GG: Una specie di ghetto.
Claudia: Io lo vedo più come un centro di aggregazione.
GG: Se fossi un malato all’ultimo stadio, non accetterei mai di stare rinchiuso in un posto simile.
Claudia: Arriva alla mia condizione e poi ne riparliamo, Gabri.
GG: Perché, tu accetteresti di stare lontana dalle tue figlie? Accetteresti la condizione di non vederle più?
Claudia: Sì. Le mie figlie sono tutto per me e io, senza essere presuntuosa, sono tutto per le mie figlie. Ma in questo stato non ha senso continuare a stare loro vicina. Non posso aiutarle, non posso dar loro conforto in nulla. E una mamma che non aiuta e non conforta le sue figlie che mamma è?
GG: Una mamma che ha bisogno di sostegno. La stessa mamma che le ha aiutate e confortate in periodi più felici.

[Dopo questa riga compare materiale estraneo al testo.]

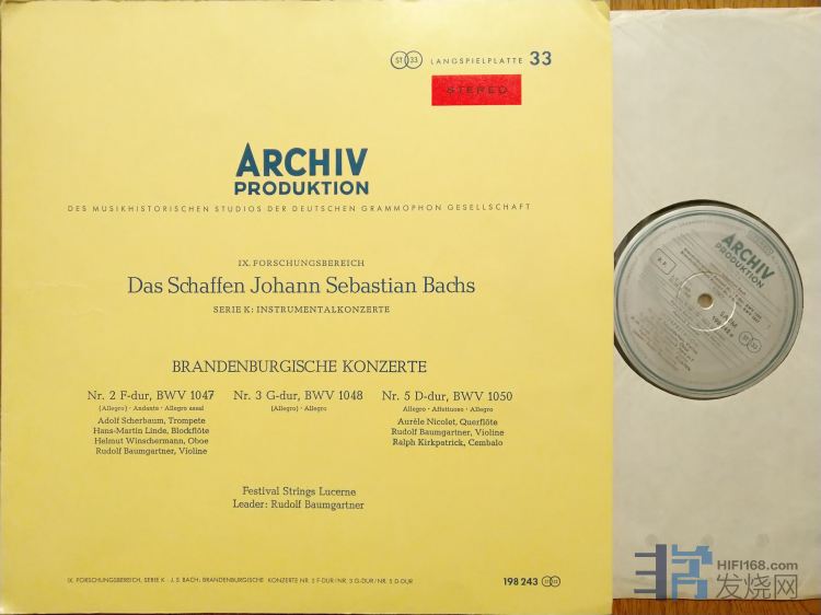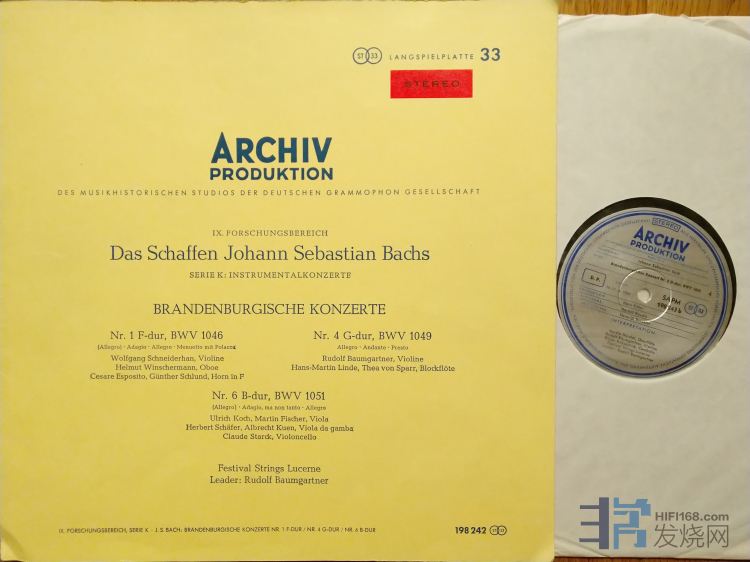 1125 巴赫:勃兰登堡协奏曲 第1、4、6号,鲍姆加特纳指挥琉森音乐节乐队,DGG/ARCHIV红头首版,NM-至NM,240元
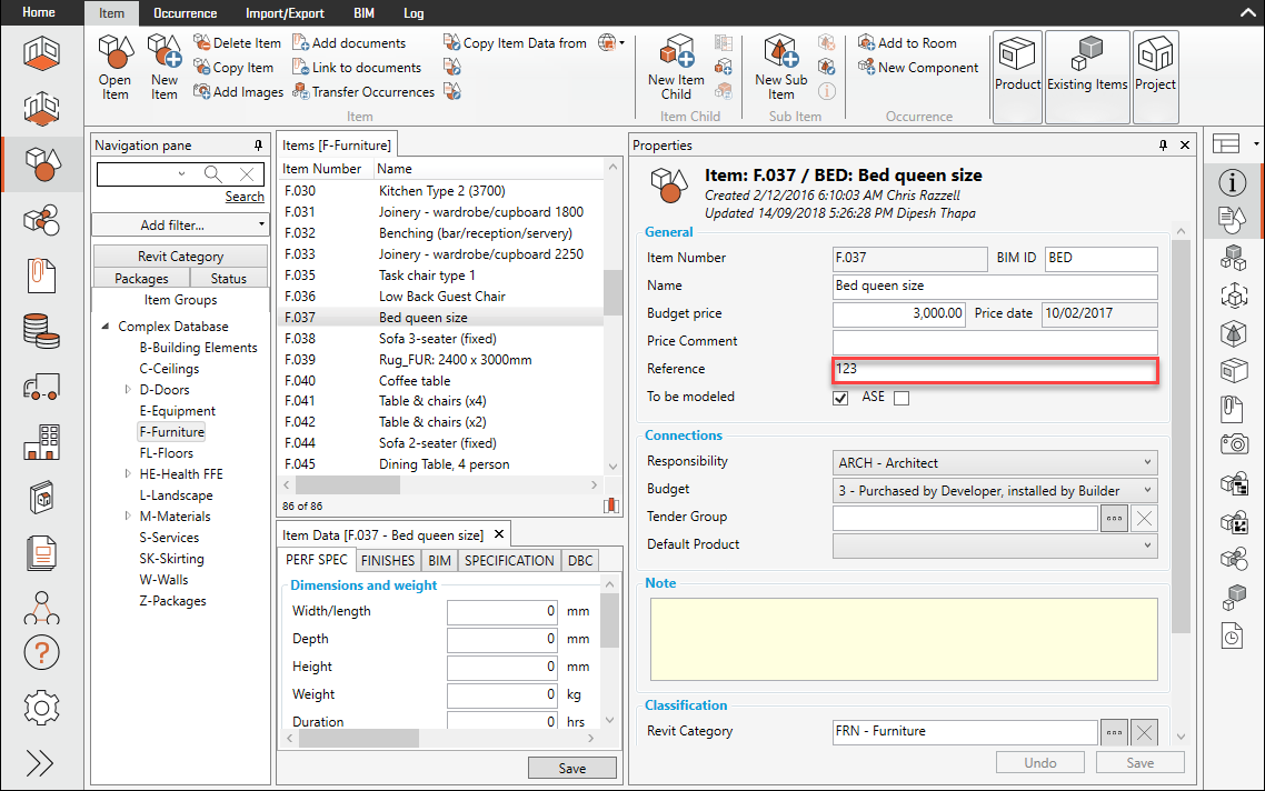Il est possible d'apporter des modifications aux valeurs de toutes les propriétés de litem dans le panneau dRofus. Il n'est donc plus nécessaire de modifier le type d’item dans le client dRofus pour effectuer des changements spécifiques au type d’item.

Claudia: Le mamme non hanno bisogno di alcun sostegno. Ecco perché non tutte le donne possono essere o dirsi mamme. Quando una mamma non può più aiutare i suoi cuccioli, muore. Ha terminato il suo compito. E a me sembra giusto. Solo che non capisco tutta questa attesa.
GG: E per i papà vale la stessa cosa?
Claudia: Identica. Pensa a mio marito.